Setting up access control for content types on a specific Document Library
To enable the access controls for a content type on a specific document library, follow these steps:
- Navigate through the Document Central - Administrator role center.
- Click on Repository in the ribbon bar and execute the action Document Libraries.
- Click on the document library Code that should be configured with the access control.
- Navigate to the Content Types section.
- Select the content type where the access controls should be enabled for and execute the Access Controls action.
- Specify the group code in the User Group Code field.
- Define the access control values for the group in the Read, Write and Delete field.
- The access control is now enabled for the defined user group.
Important
Access control at the content type level in a document library will override the access conrol defined at the document library and content type level.
Explanation
Read: The read access control determines whether users can see documents archived with the content type. If a user does not have read access control for a content type, they will not be able to see documents archived with that content type. Write: The write access control determines whether users can archive documents with the content type. If a user has read access control but no write access control for a content type, they can see documents archived with that content type but cannot select that content type for new documents they wish to archive. Delete: The delete access control determines whether users can delete documents archived with the content type. If a user does not have delete access control for a content type, they cannot delete documents archived with that content type. Edit Retention Label: The edit retention label access control determines whether users can edit the retention label for documents archived with the content type. If a user does not have edit retention label access control for a content type, they cannot edit the retention label for any document archived with that content type.
If a user does not have access controls for a document library, but has access controls for a content type defined in the document library or General, they can view, write, or delete documents with that content type based on the configured access controls.
Setting up access control for metadata
To enable the access controls for a metadata, follow these steps:
- Navigate through the Document Central - Administrator role center.
- Click on Repository in the ribbon bar and execute the action Metadata Management.
- Execute the action Edit List in the ribbon bar.
- Select the metadata where the Access Controls should be enabled for and execute the Access Controls action.
- Specify the group code in the User Group Code field.
- Define the access control values for the group in the Read and Edit field.

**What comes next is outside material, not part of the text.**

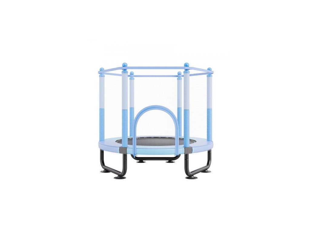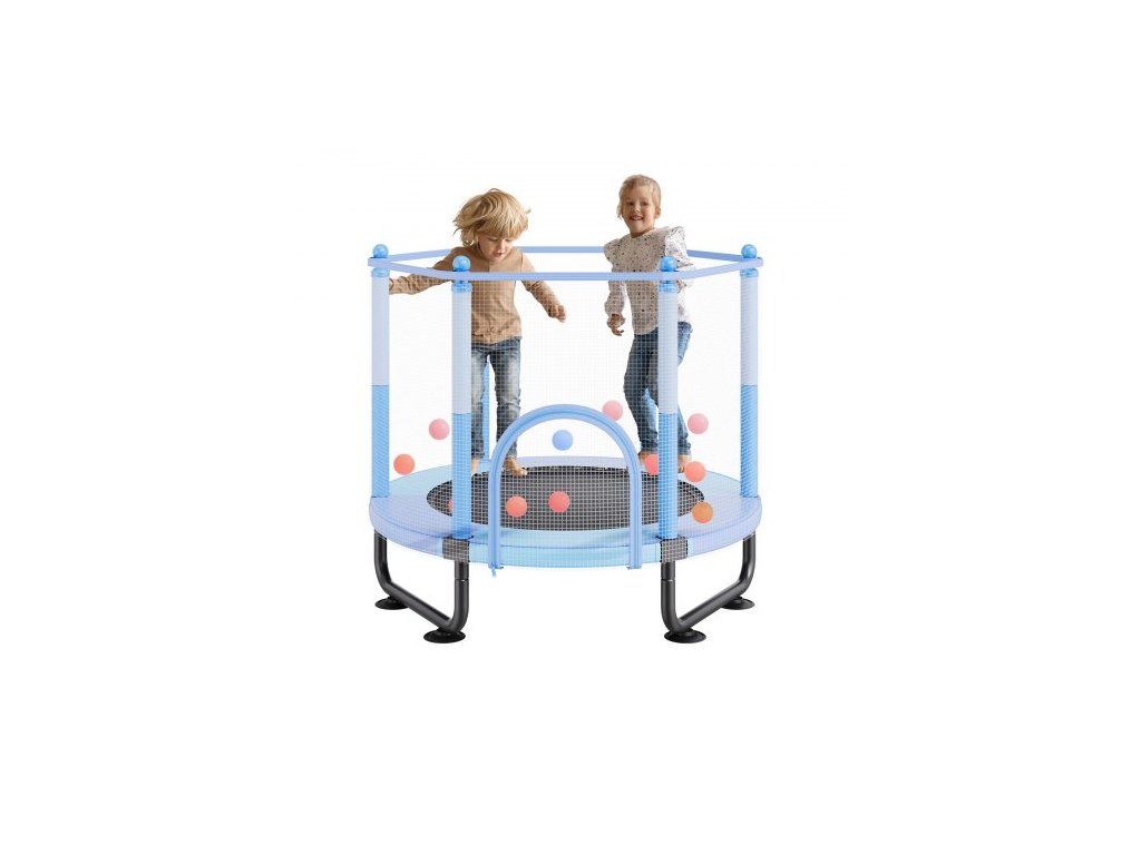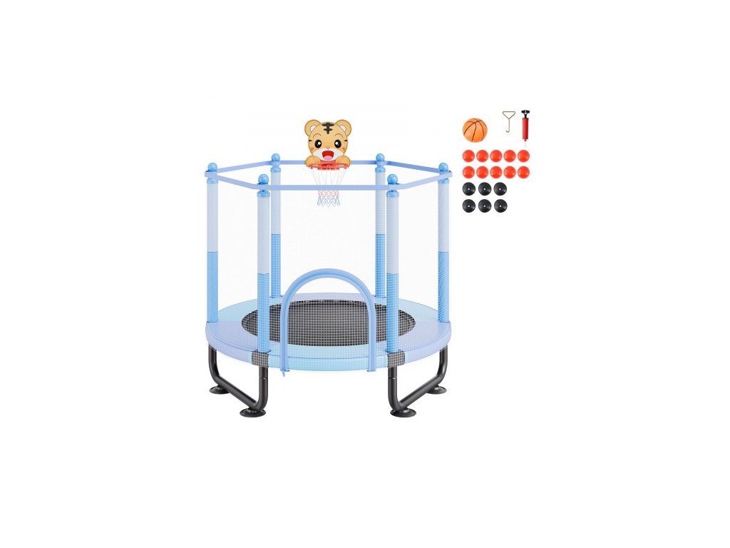 Dětská trampolína 60", 1,5 m vnitřní a venkovní trampolína, mini rekreační trampolína pro batolata s bezpečnostní sítí a basketbalovým košem, narozeninové dárky, vánoční hračky pro děti od 3 let, modráVětší a širší dětská trampolína

- The access control is now enabled for the defined user group.
Explanation
Read: Read access control determines whether users can view the metadata. If a user does not have read access control for specific metadata, they cannot see that metadata when archiving a document, resulting in the metadata value for the document being empty. Edit: Edit access control determines whether users can modify the value of metadata. If a user does not have edit access control for specific metadata, they cannot change the metadata value when archiving a document. This means that if a default value for the metadata is defined, the user will not be able to alter it.
If a single group is specified in the Group Access Control, users not included in that group will not have access controls for the configured level.